▸ Task description
Your copy should match the records exactly, except that it contains no pictures.

▸ Study material
################
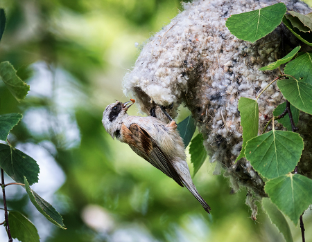 Ремез у гнезда с потомством.
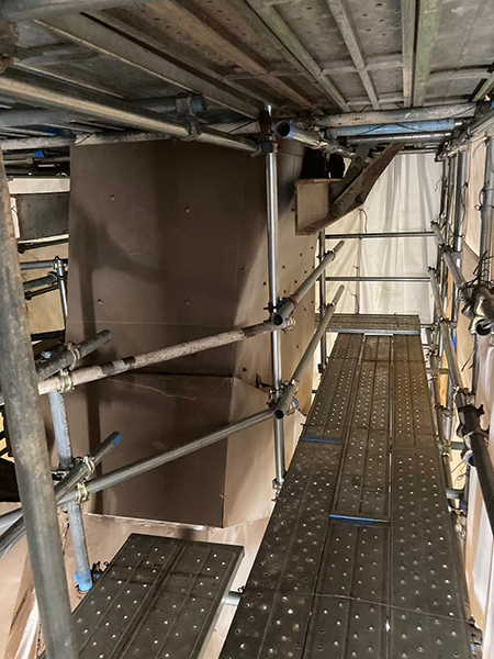 写真でも確認できる通り、隔離養生された作業場内は太陽の光が届かず、暗くなります。
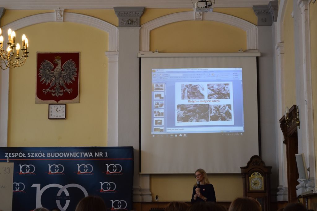 Następnie Pani Bogusława Hofa przybliżyła uczniom zbrodnie wojenne w Katyniu, których dopuścili się Sowieci na polskich oficerach. Ponadto głos zabrały trzy uczennice, które reprezentowały Naszą Szkołę podczas XIII Marszu Pamięci.
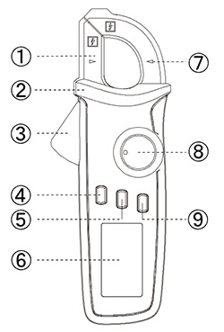 | ベーシックなACクランプメータ。 ●変化する値を固定して表示できるデータホールド機能や、測定時の最大値を更新して表示できるMAXホールド機能を搭載。 ●電源の消耗を抑えるオートパワーオフ機能付き。 ●暗所の測定においても表示が確認できるバックライト機能を搭載。 ![]() ■各部名称 ●本体
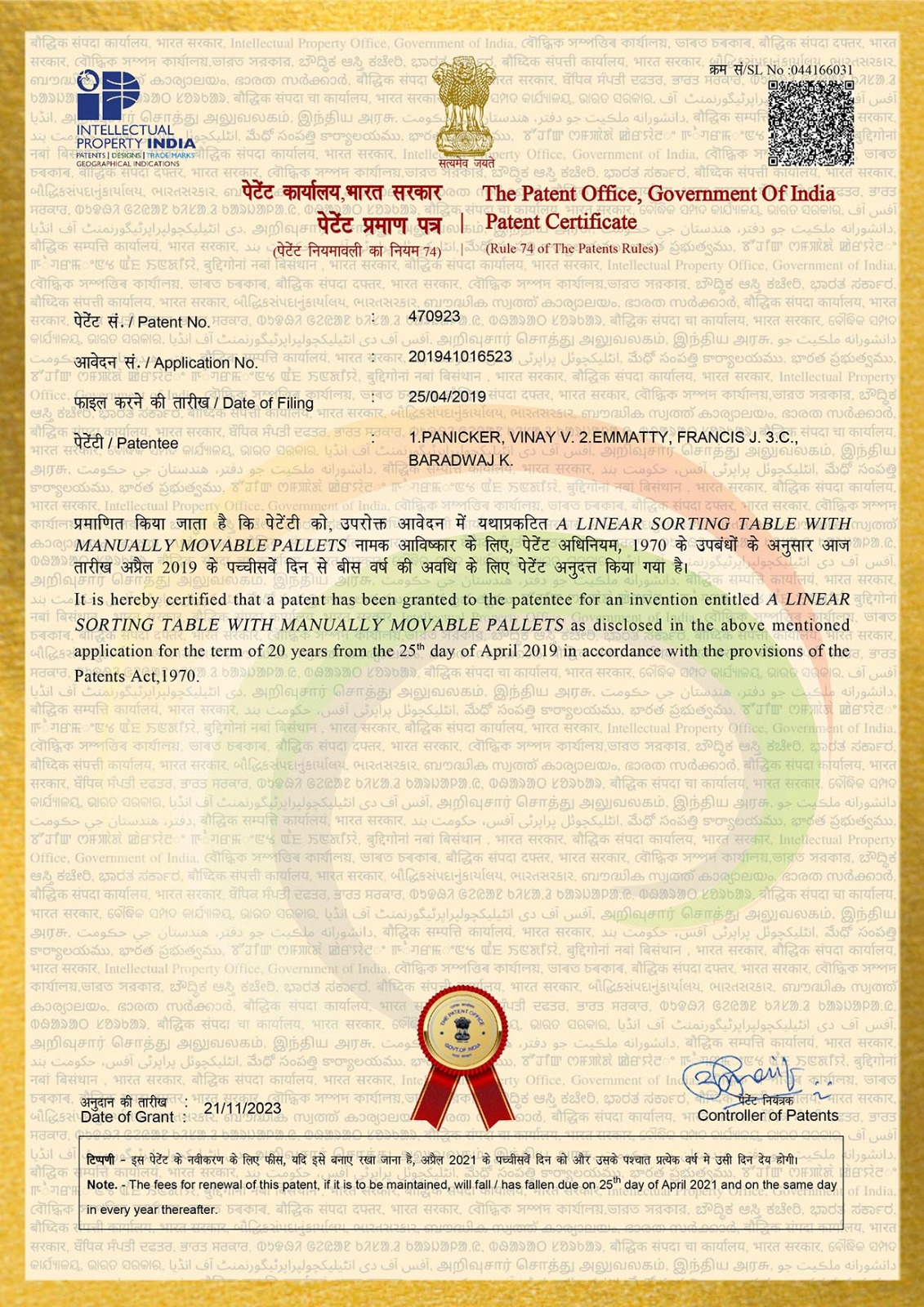 Title: A LINEAR SORTING TABLE WITH MANUALLY MOVABLE PALLETS
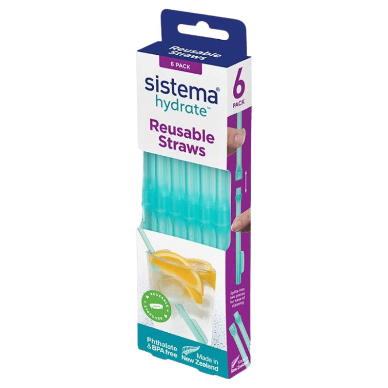 De genanvendelige sugerør fra Sistema kommer i en pakke med seks i blå og kan deles på midten for endnu nemmere rengøring og opbevaring - og de kan endda gå i opvaskemaskinen!
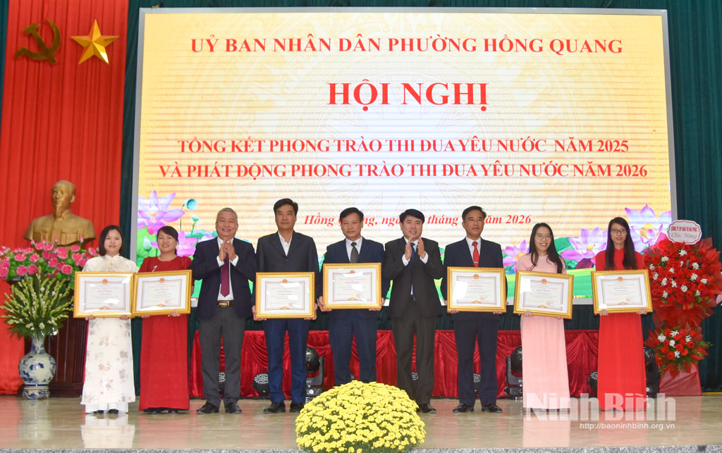 Chiều 6/2, UBND phường Hồng Quang, UBND xã Bình Giang tổ chức hội nghị tổng kết phong trào thi đua yêu nước năm 2025, phát động phong trào thi đua yêu nước năm 2026.
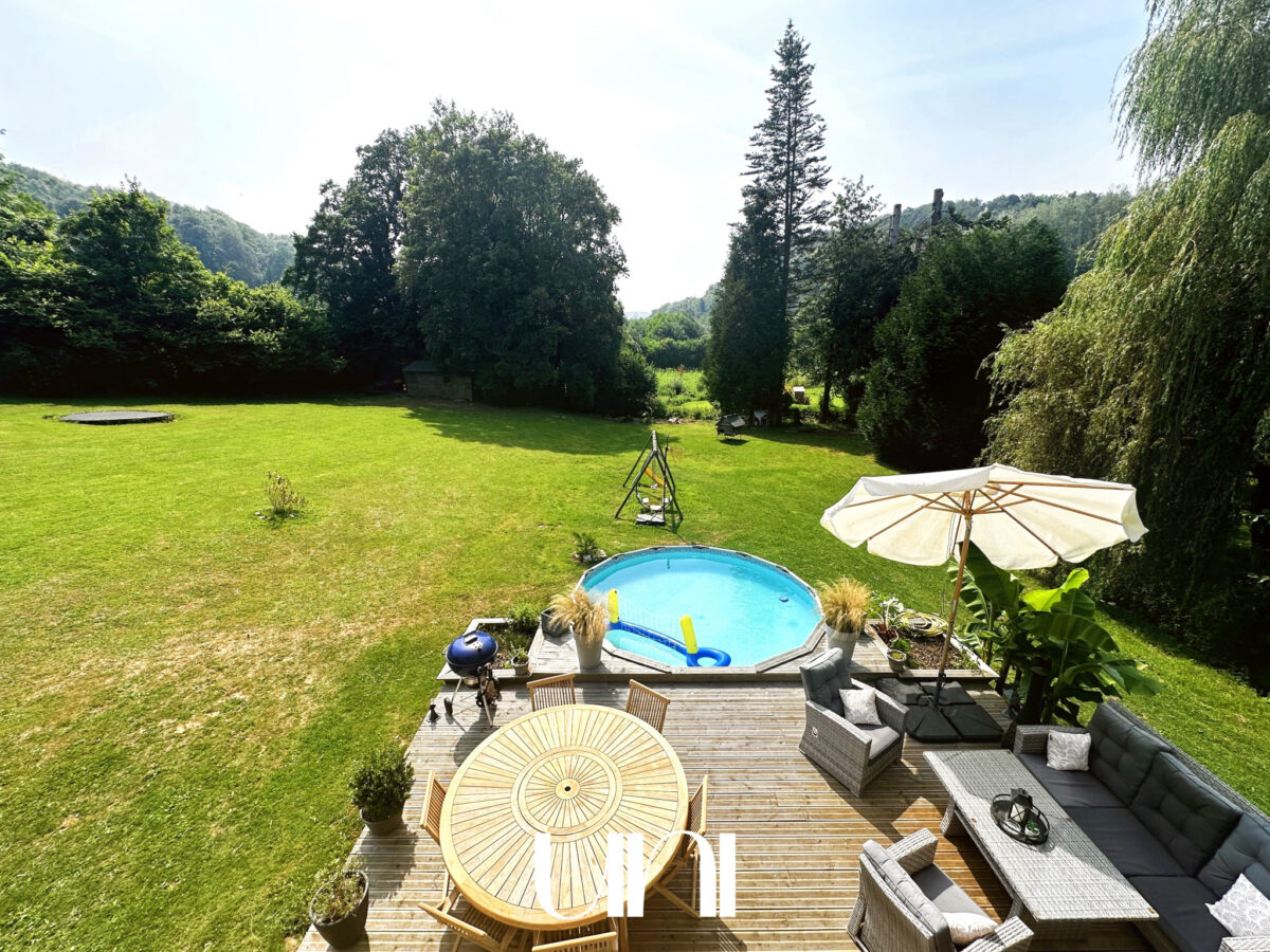Côté extérieur une grande terrasse ensoleillée Terrain d'environ 4000 m2 dans un environnement calme et bucolique
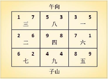子向屬天元龍,子向的城門在乾與艮。一運午山子向,挨星二到乾、四到艮。二之後天八卦原宮的天元龍為陽,故二逢陽順飛,旺星不能到乾。四之後天八卦原宮的天元龍為陽,故四逢陽順飛,旺星也不能到艮。所以,一運午山子向的向方兩旁,都沒有城門旺星可取。
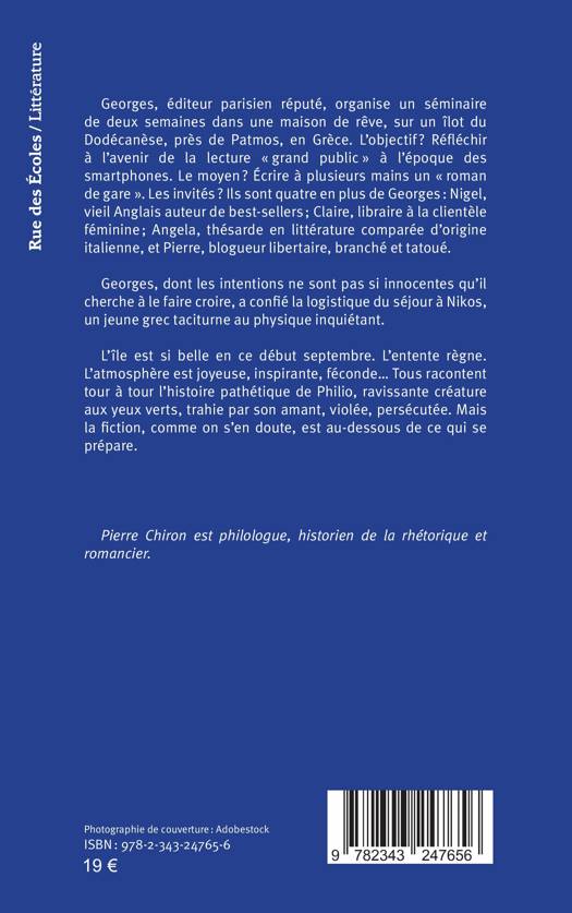 Georges, éditeur parisien réputé, organise un séminaire dans une maison de rêve, près de Patmos, en Grèce. L’objectif ? Réfléchir à l’avenir de la lecture « grand public » à l’époque des smartphones. Le moyen ? Écrire à plusieurs mains un « roman de gare ». Les invités ? Ils sont quatre en plus de Georges. L’île est si belle en ce début septembre. L’entente règne. L’atmosphère est joyeuse. Tous racontent tour à tour l’histoire pathétique de Philio, trahie par son amant. Mais la fiction, comme on s’en doute, est au-dessous de ce qui se prépare.
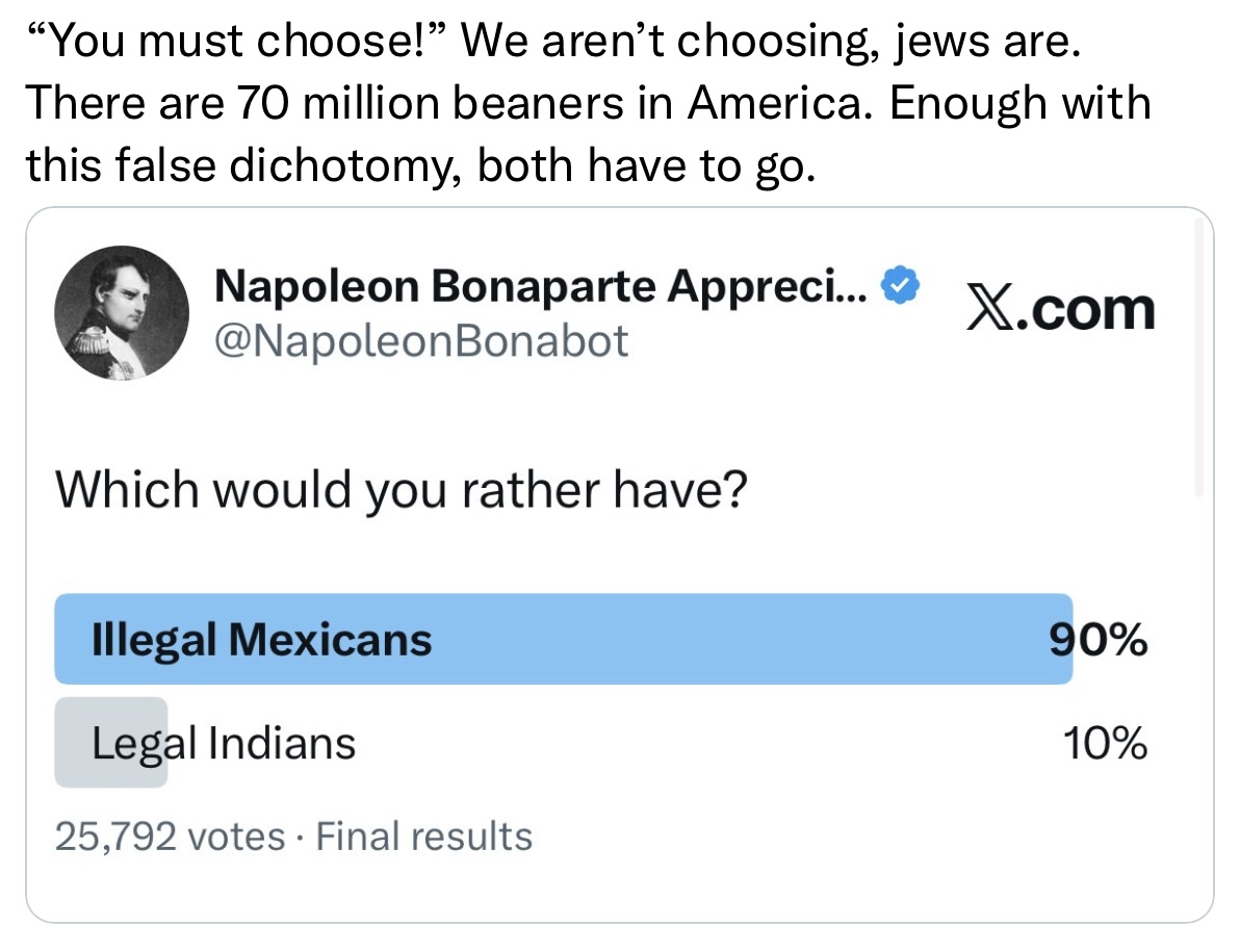 >>521663733Self deportation is the answer. Remove of birth right citizenship I also a key aspect to success. Cut them off from any and all social services. Seize all assets acquired though illegally living in the United States. They will leave on their own.This will be hard tho, once the boomers finally die off, we can target the jews and women within institutions orchestrating this invasion.
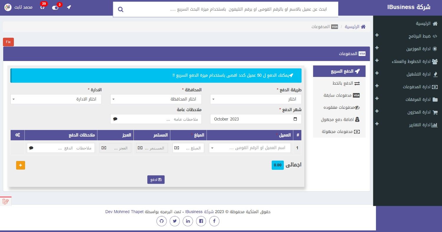 برنامج ادارة شركة اى بيزنس وعملائها ومدفوعاتها
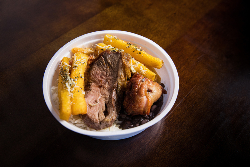 Servido na tradicional marmita de isopor (450g). Composto por arroz, feijão, massa do dia e carne do dia. Refeição completa, caseira e bem servida.
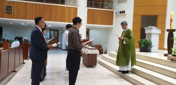 었습니다. 이어서 성유도유식과 신앙고백을 청하였습니다. 성령을 믿으며 거룩하고 보편된
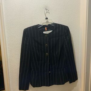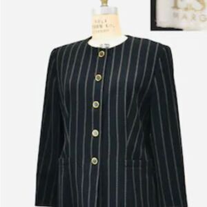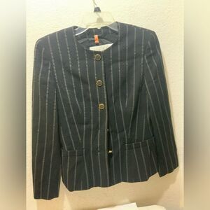 Vintage Escada Pinstripe Wool blend Escada Jacket Blazer Black white Striped size 36
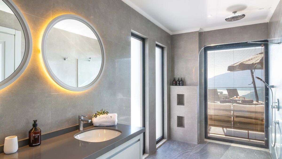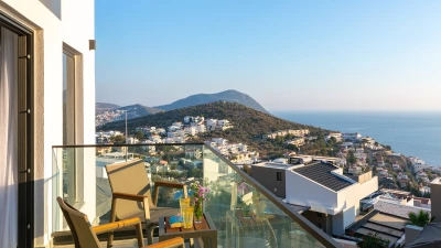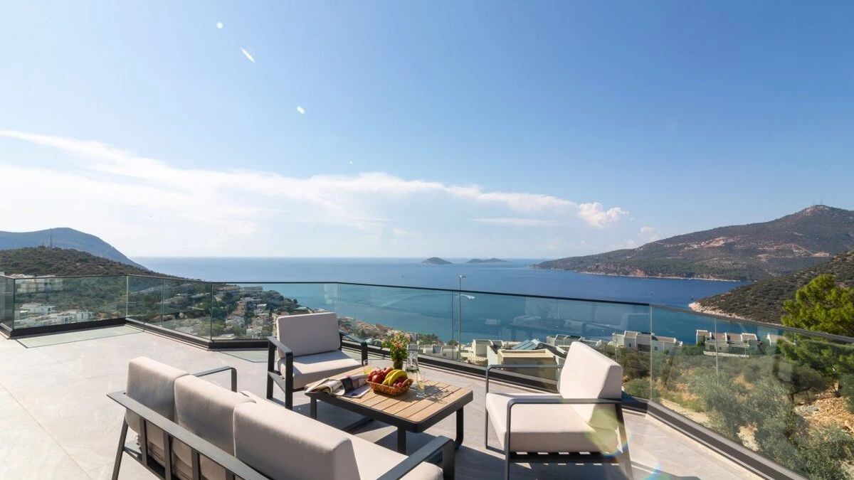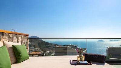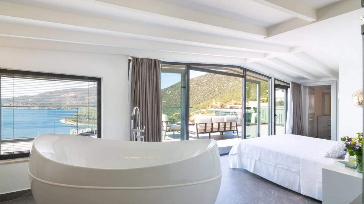 On the first floor, there are three double bedrooms all with en suite shower rooms. A shared balcony is available for all the guests on this floor, where they can admire the Kalkan sunsets. Make your way up to the second floor where the master bedroom is situated . This suite boasts a freestanding bath and private roof terrace. The lower ground floor has an additional double bedroom with en suite shower room and private balcony.
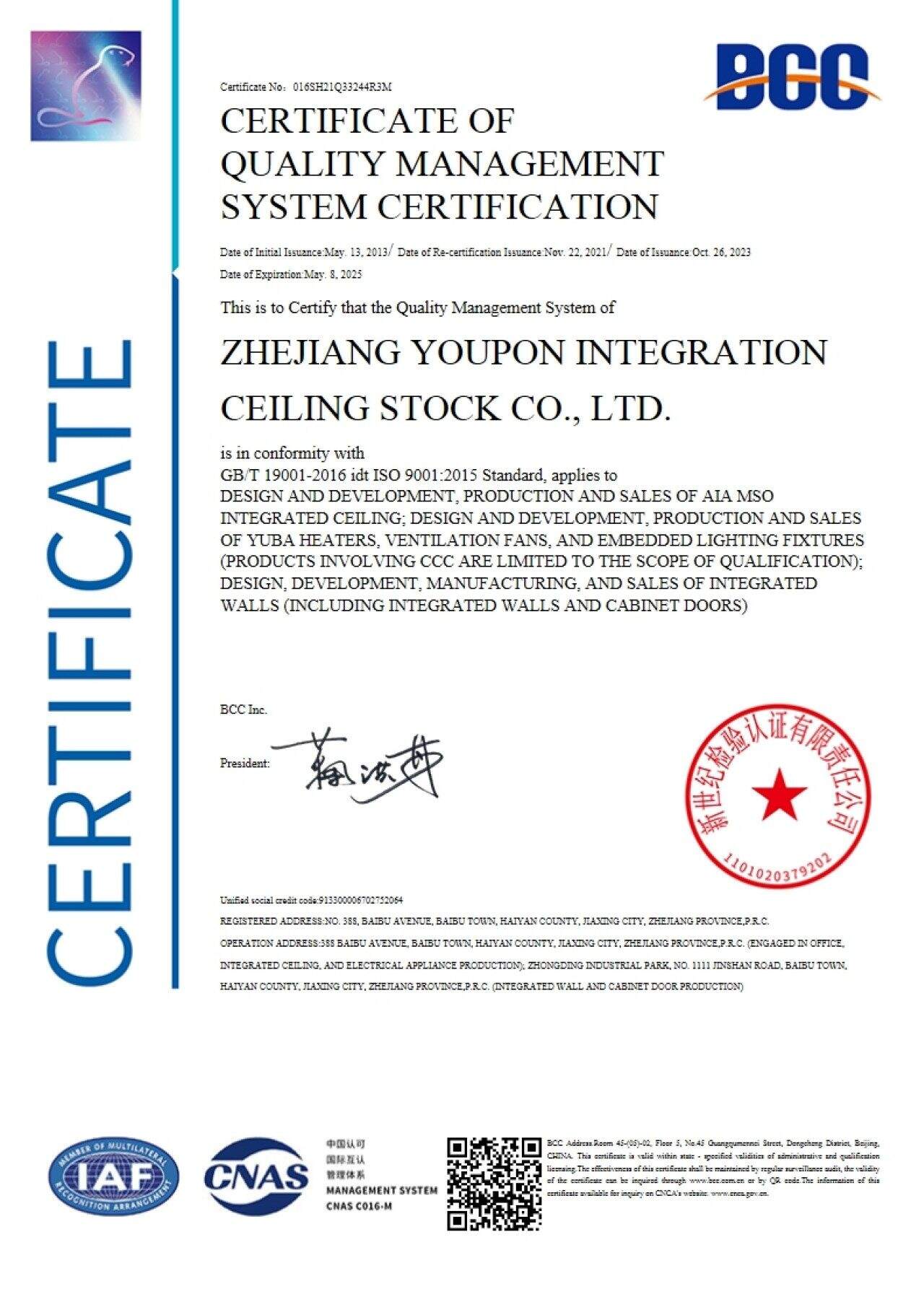 Zhejiang Youpon Integration Ceiling Stock Co., Ltd., the associated factory of Zhejiang Youbang Building Materials lmport And Export Co., Ltd. was established in 2 0 0 7 and is headquartered in Jiaxing, Zhejiang Province.Through its M S O Modular product system, the brand empowers consumers to transition from "fixed and unchanging" to "adaptive and evolving" living scenarios.Youbang specializes in integrated ceilings and versatile home systems, providing flexible, sustainable, and one- stop home solutions. Its product portfolio covers five core categories: modular integrated ceilings, wall- mounted systems, hooks, multi- functional cabinets, and 5 K wood wall panels. With a production facility spanning 148, 000 square meters equipped with fully automated imported production lines, Youpon possesses strong manufacturing capabilities. The company also maintains multiple C N A S nationally accredited laboratories. It has a workforce of 464 employees, including a 24 member R & D team, and operates a showroom of 5, 000 square meters. For 18 years, Youpon has adhered to the values of integrity, practicality, innovation, quality excellence. With a strong focus on R & D, the company holds 619 utility patents.
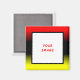 Ett rött, gult och svart foto ram för den fyrkantiga magnet som är designad av Griffin (med hjälp av min hjälp kan du lära dig lite om PSP).
################
▸ Result below
 Ремез у гнезда с потомством.
 写真でも確認できる通り、隔離養生された作業場内は太陽の光が届かず、暗くなります。
 Następnie Pani Bogusława Hofa przybliżyła uczniom zbrodnie wojenne w Katyniu, których dopuścili się Sowieci na polskich oficerach. Ponadto głos zabrały trzy uczennice, które reprezentowały Naszą Szkołę podczas XIII Marszu Pamięci.
 | ベーシックなACクランプメータ。 ●変化する値を固定して表示できるデータホールド機能や、測定時の最大値を更新して表示できるMAXホールド機能を搭載。 ●電源の消耗を抑えるオートパワーオフ機能付き。 ●暗所の測定においても表示が確認できるバックライト機能を搭載。 ![]() ■各部名称 ●本体
 Title: A LINEAR SORTING TABLE WITH MANUALLY MOVABLE PALLETS
 De genanvendelige sugerør fra Sistema kommer i en pakke med seks i blå og kan deles på midten for endnu nemmere rengøring og opbevaring - og de kan endda gå i opvaskemaskinen!
 Chiều 6/2, UBND phường Hồng Quang, UBND xã Bình Giang tổ chức hội nghị tổng kết phong trào thi đua yêu nước năm 2025, phát động phong trào thi đua yêu nước năm 2026.
Côté extérieur une grande terrasse ensoleillée Terrain d'environ 4000 m2 dans un environnement calme et bucolique
子向屬天元龍,子向的城門在乾與艮。一運午山子向,挨星二到乾、四到艮。二之後天八卦原宮的天元龍為陽,故二逢陽順飛,旺星不能到乾。四之後天八卦原宮的天元龍為陽,故四逢陽順飛,旺星也不能到艮。所以,一運午山子向的向方兩旁,都沒有城門旺星可取。
 Georges, éditeur parisien réputé, organise un séminaire dans une maison de rêve, près de Patmos, en Grèce. L’objectif ? Réfléchir à l’avenir de la lecture « grand public » à l’époque des smartphones. Le moyen ? Écrire à plusieurs mains un « roman de gare ». Les invités ? Ils sont quatre en plus de Georges. L’île est si belle en ce début septembre. L’entente règne. L’atmosphère est joyeuse. Tous racontent tour à tour l’histoire pathétique de Philio, trahie par son amant. Mais la fiction, comme on s’en doute, est au-dessous de ce qui se prépare.
 >>521663733Self deportation is the answer. Remove of birth right citizenship I also a key aspect to success. Cut them off from any and all social services. Seize all assets acquired though illegally living in the United States. They will leave on their own.This will be hard tho, once the boomers finally die off, we can target the jews and women within institutions orchestrating this invasion.
 برنامج ادارة شركة اى بيزنس وعملائها ومدفوعاتها
 Servido na tradicional marmita de isopor (450g). Composto por arroz, feijão, massa do dia e carne do dia. Refeição completa, caseira e bem servida.
 었습니다. 이어서 성유도유식과 신앙고백을 청하였습니다. 성령을 믿으며 거룩하고 보편된
 Vintage Escada Pinstripe Wool blend Escada Jacket Blazer Black white Striped size 36
 On the first floor, there are three double bedrooms all with en suite shower rooms. A shared balcony is available for all the guests on this floor, where they can admire the Kalkan sunsets. Make your way up to the second floor where the master bedroom is situated . This suite boasts a freestanding bath and private roof terrace. The lower ground floor has an additional double bedroom with en suite shower room and private balcony.
 Zhejiang Youpon Integration Ceiling Stock Co., Ltd., the associated factory of Zhejiang Youbang Building Materials lmport And Export Co., Ltd. was established in 2 0 0 7 and is headquartered in Jiaxing, Zhejiang Province.Through its M S O Modular product system, the brand empowers consumers to transition from "fixed and unchanging" to "adaptive and evolving" living scenarios.Youbang specializes in integrated ceilings and versatile home systems, providing flexible, sustainable, and one- stop home solutions. Its product portfolio covers five core categories: modular integrated ceilings, wall- mounted systems, hooks, multi- functional cabinets, and 5 K wood wall panels. With a production facility spanning 148, 000 square meters equipped with fully automated imported production lines, Youpon possesses strong manufacturing capabilities. The company also maintains multiple C N A S nationally accredited laboratories. It has a workforce of 464 employees, including a 24 member R & D team, and operates a showroom of 5, 000 square meters. For 18 years, Youpon has adhered to the values of integrity, practicality, innovation, quality excellence. With a strong focus on R & D, the company holds 619 utility patents.
 Ett rött, gult och svart foto ram för den fyrkantiga magnet som är designad av Griffin (med hjälp av min hjälp kan du lära dig lite om PSP).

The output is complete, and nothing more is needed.